Well, you know it took me, this is off topic too but it took me a long time to discover that with my own children because when our first son, the reason that I agreed to write these books with Henry Winkler was when he told me, we were introduced by a friend who’s an agent, someone we both knew from working in television. And he was the one who suggested that Henry write about his experience growing up dyslexic.
And so when we met to talk about it and he told me his story of how he had been kind of thwarted all through school, I resonated with that because our oldest son, isn’t dyslexic, he doesn’t have a learning challenge, but he’s probably ADD, I’m not sure we ever even had him diagnosed but he was just a kid who wanted to do what he wanted to do, he was kind of a dreamy kid and he was all, you know the teachers were always calling you know.
Theo is making frog noises in class, and I would say well he’s three, you know, he likes frogs, I don’t know what to tell you. So, but I as a new parent would punish him, I would say well you can’t play Nintendo because you made frog noises in class, so it took me a long time to understand that he was different than me, that he wasn’t going to, that his student path wasn’t going to look like mind.
I did everything right, you know.

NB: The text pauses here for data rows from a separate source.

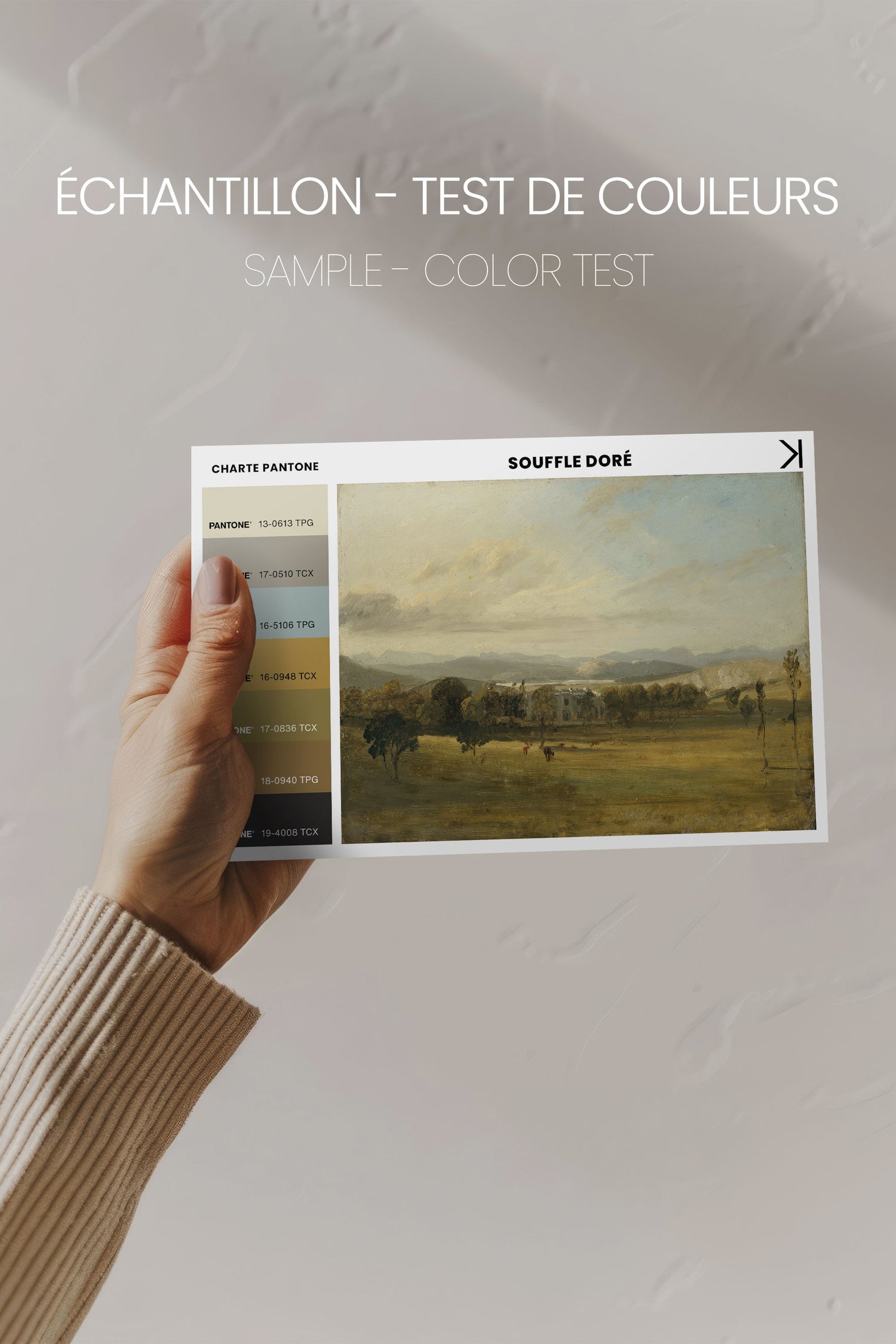 A landscape gilded by the raking light, inhabited by a few peaceful animals. The background reveals an old building, like a discreet witness to the past. The whole image inspires peace, warmth, and the simplicity of slow days. Ideal for warming up a natural interior.
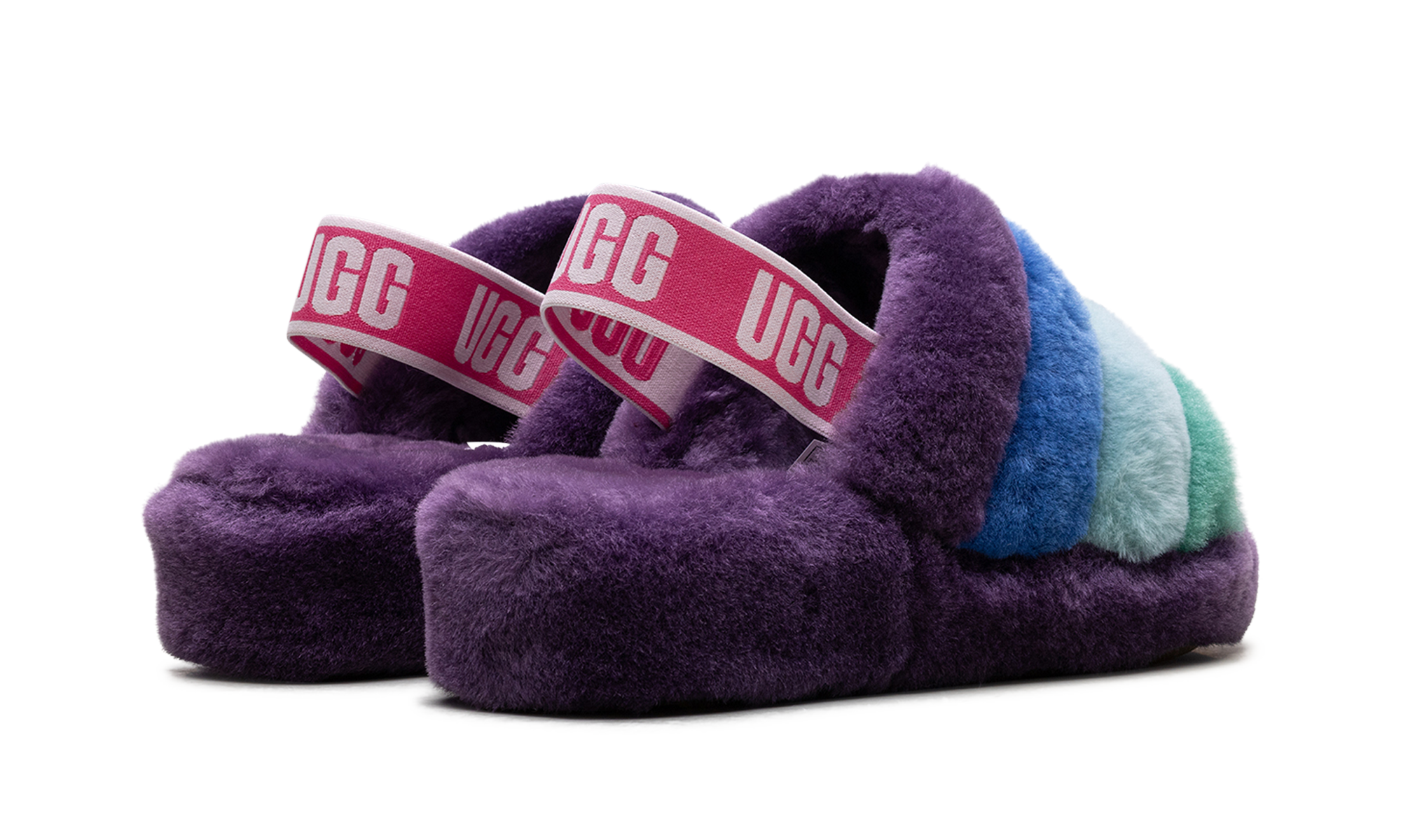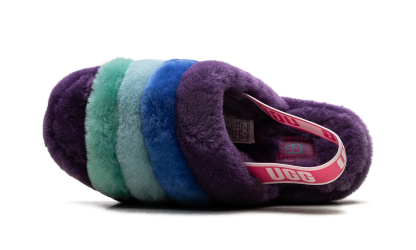 Dare to be bold with the ultra-cozy UGG Fluff Yeah Slide Wmns in vibrant "Purple". This signature slipper-sandal hybrid delivers playful style, perfect for home or strutting outside. Featuring a plush genuine sheepskin upper and lining, this slide feels incredibly soft with every step. The lightweight, cushioned platform sole is secured by an elastic slingback strap, providing stability and lift for a look that's as comfortable as it is eye-catching.
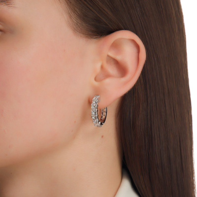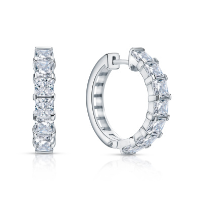 Серьги с 14 бриллиантами выращенными, 5.45 карат, огранка принцесса 65 граней, цвет 4, чистота 5, тип огранки А; Белое золото 585 пробы.
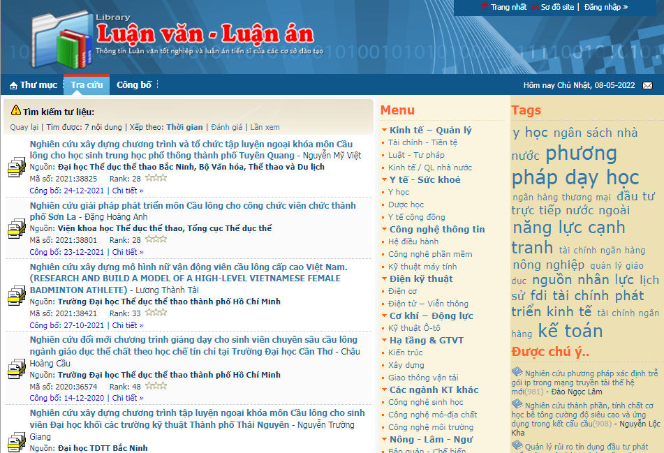 Trong đó, có một số đề tài có tiêu đề gần giống nhau như: “Nghiên cứu xây dựng chương trình và tổ chức tập luyện ngoại khóa môn cầu lông cho học sinh trung học phổ thông thành phố Tuyên Quang" của tác giả Nguyễn Mỹ Việt; đề tài “Nghiên cứu xây dựng chương trình tập luyện ngoại khóa môn cầu lông cho sinh viên Đại học khối các trường kỹ thuật thành phố Thái Nguyên" của tác giả Nguyễn Trường Giang...
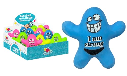 FLYPOP'S - Pack de 12 Fantômes Anti-Stress - Jeu de Kermesse - 037213GPA - Multicolore - Mousse - Enfant - Adulte - Rééducation - Anxiété - 12 cm x 6,5 cm - À Partir de 3 Ans

And so I think as a parent it takes, it’s not something that you can, someone can tell you. You know you have, you have to learn by failure, I failed with him, the poor child had, had, I kept buying him calendars, you know day at a glance calendars to write down his homework assignments. And when he was maybe 15, after I had been doing this for twelve years, I looked in the drawer of his desk and there they all were, not one of them was even unwrapped you know.
And there were probably 50 of them, it was such a sad, such a sad thing to see but this was my attempt to say get organized, you know. But he couldn’t, he couldn’t get, it was the most ridiculous assumption that that was going to help him because that’s exactly what he couldn’t do. Believe me if he could have filled out those calendars he would have just to get me off his back. So it’s something you have to learn about in parenting or in teaching.
That, you haven’t created a second self that here’s this person and they have their own way, they have their own needs. And it is not your job to make them like you. That’s a mantra that you have to say over and over again, this is not my job description to make them like me, this is for me to see them. And it’s, I don’t, you know it took me, I made a lot of mistakes in raising my own kids until I sort of got that. So, people are different, people are very unique you know. And part of the thrill of being a writer is that you get to explore that uniqueness and not try and make everyone, not try and even it out, but to celebrate differences in character, that’s what character is.
That’s what writing an original character is writing one that you haven’t seen before that isn’t a type, that isn’t an archetype but that’s a real honest to goodness authentic human being. And we’re weird as human beings, we have infinite weirdness.